Quantitation of mineralization in dermal sheath of vibrissae of Abcc6−/− mice by direct chemical assay of calcium and phosphorous (A) and by computerized morphometric analysis of histopathological sections (B) in groups E to H. Data are expressed as means ± SEM. n = 5 (W/K1), 7 (acceleration), 8 (control), or 9 (acceleration + W/K1). ∗P < 0.05, ∗∗P < 0.01, and ∗∗∗P < 0.001.

Figure 5

Analysis of the mineral content in deposits in dermal sheath of vibrissae of Abcc6−/− mice on the control, acceleration, or acceleration + W/K1 diet (groups E, G, and H, respectively). Mineral deposits identified in H&E-stained sections (arrows, top row) were subjected to EDAX analysis. The elemental spectrum (row 2) revealed the presence of calcium and phosphorus as the principal ions in approximately a 2.0:1 ratio in all samples. Topographic (RADAR) mapping identified calcium and phosphorous (rows 3 and 4) in a colocalization distribution, as shown by overlay maps (bottom row). Scale bar = 200 μm.

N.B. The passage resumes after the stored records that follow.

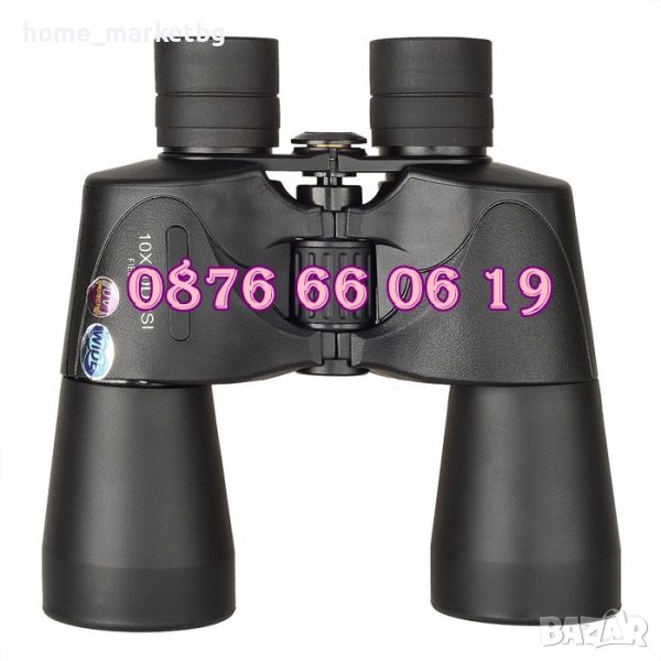 туристически бинокъл 10x50 за лов риболов с UV защита, просветление на лещите, голям зрителен ъгъл от 65° широко зрително поле с гумирано покритие, което предпазва от случайни наранявания, удари и изпускания за къмпинг, туризъм, лов, риболов, деца, концерт, зали, спорт, планина, море, екскурзии, наблюдение на птици, гълъби или други животни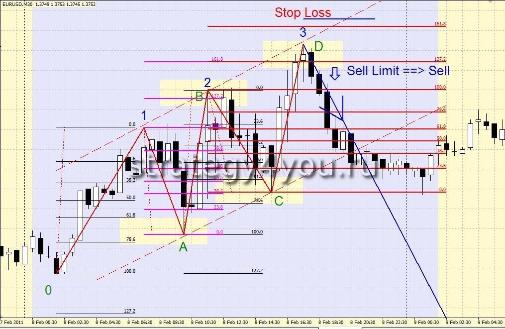 4) Если эти условия выполнены, то на расстоянии 1.27 или 1.618 (если точка B находится на расстоянии 1.27 х 1A — то расстояние = 1.27, если B находится на расстоянии 1.68 х 1A — то расстояние = 1.68) от отрезка «B-С» или «2-С» размещаем отложенный ордер Sell Limit, на рисунке он обозначен как точка 3 или D !
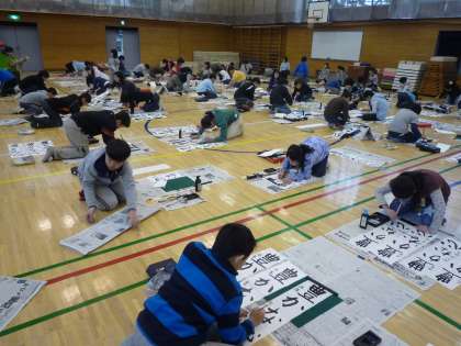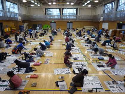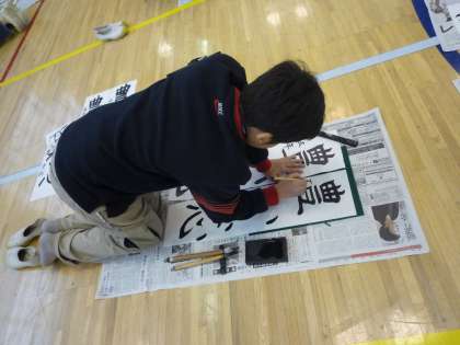 体育館を開けてみると、シーンとした中で5年生が書き初めをしていました。130人近くの子どもたちがいるとは思えないほどの静けさの中で、心を落ち着かせて一心に書いています。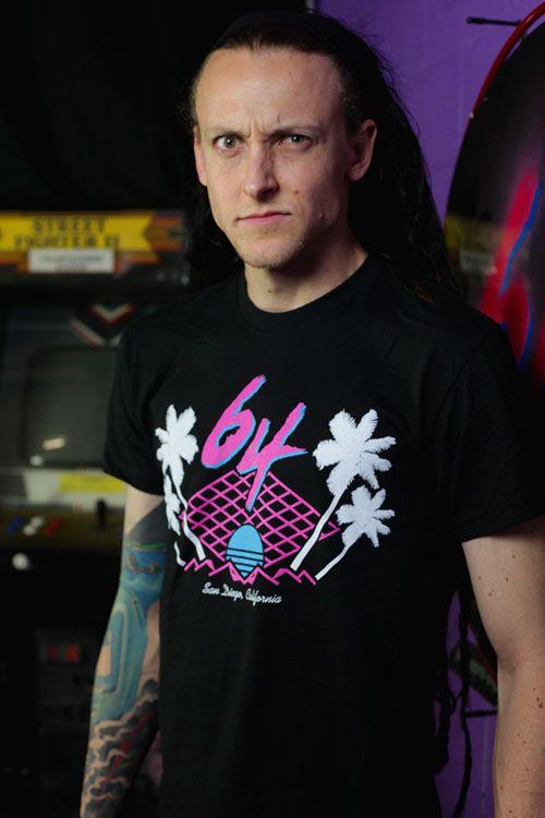 According to his biography on the Mega64 website, he is "a full-time electronics technician, loves welding, cats, air-soft, women with more tattoos than him and the everyday struggle of evil to vanquish good from the universe."[2]
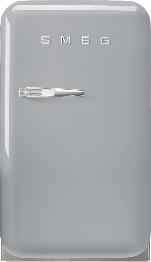 Компактный холодильник серого цвета станет незаменимым помощником не только на кухне, но и в других частях дома. Данную модель в стиле "Ретро" можно установить в гостиной, кабинете или в домике для гостей. Она выполнена из качественных материалов: металла, покрытого термоформируемым полимером, безопасного пластика, а также хромированных декоративных элементов. Ручка располагается в левой части корпуса, на лицевой панели размещается большой логотип компании SMEG.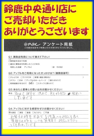 お車のご相談・ 査定だけでもOK! カンタン 入力 30秒 アップルがブランド買取始めました! お電話でも受付中! 受付時間 10:00 ~ 18:30 0120-866-446 お車のご相談・ 査定だけでもOK! カンタン 入力 30秒 アップルがブランド買取始めました! お電話でも受付中! 受付時間 10:00 ~ 18:30 0120-866-446 アップルがブランド買取始めました! お電話でも受付中! 受付時間 10:00 ~ 18:30 0120-866-446 店舗情報 在庫車 スタッフ紹介 ブログ お客様の声 キャンペーン お得 無料査定 click お客様の声 ご記入日: 2016/07/09 Y.M様 当店をご利用頂きまして、誠にありがとうございます。またのご来店をスタッフ一同、心よりお待ちしております。 前へ 次へ お客様の声一覧を見る
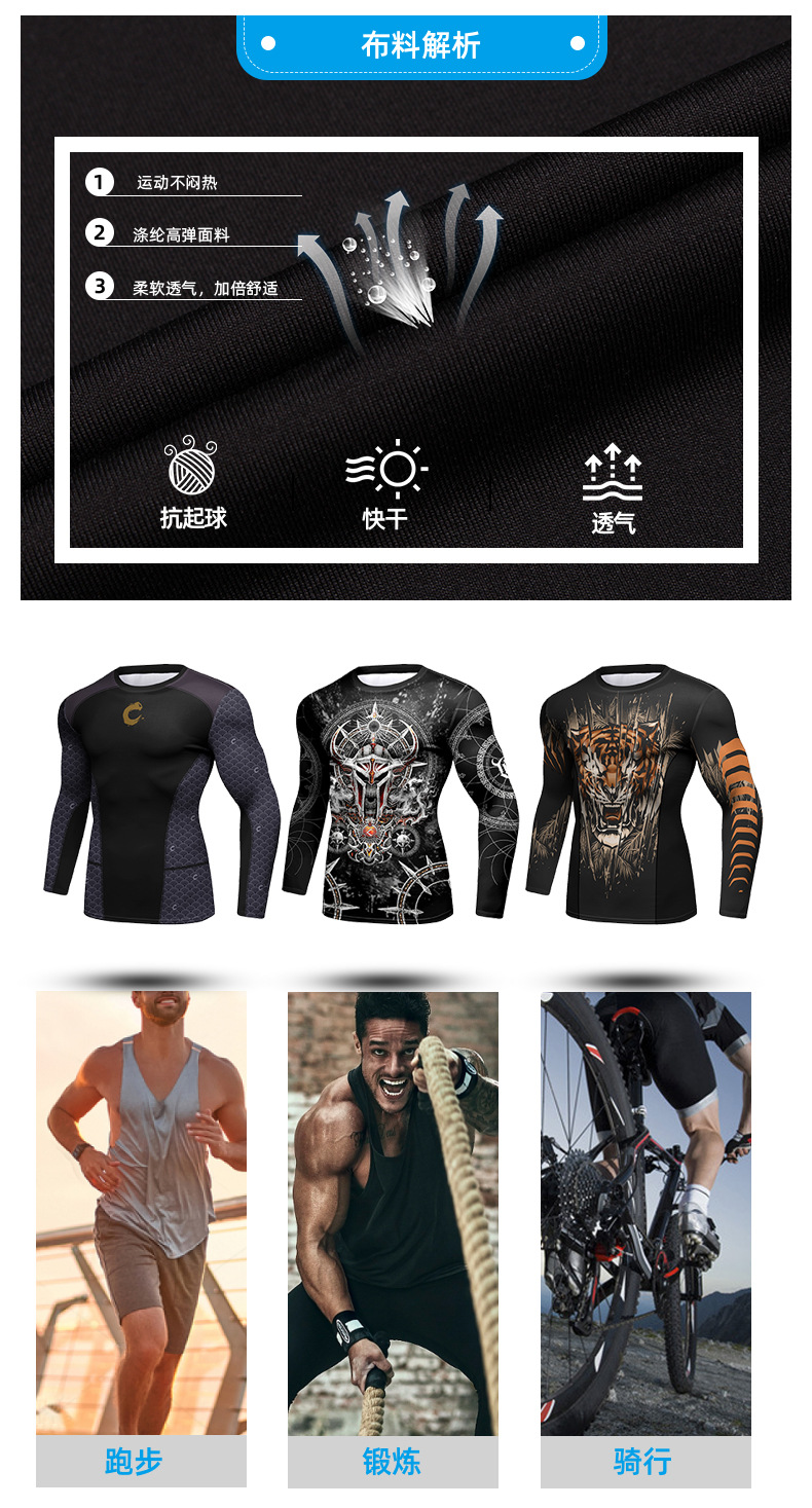 男性プリント長袖通気運動速乾レオタードフィットネス運動ボトムシャツ秋冬レジャーランニングtシャツ

Original magnification (H&E stain), ×100.

Figure 6

Immunological demonstration of osteopontin (top row) and α-fetuin (middle row) associated with mineral deposits (arrows) in the dermal sheath of vibrissae and aorta in Abcc6−/− mice fed the control diet (group C) or the W/K1 diet (group D). Mineral deposits (arrows, bottom row) were visualized by H&E. Original magnification, ×100.

Figure 7

Analysis of cMGP and ucMGP in aorta of Abcc6−/− mice kept on the control diet (group C) or the W/K1 diet (group D). Note mineralization in von Kossa (VK)–stained sections (arrows). There was a greater abundance of ucMGP (arrow) than cMGP in group D. Original magnification, ×300.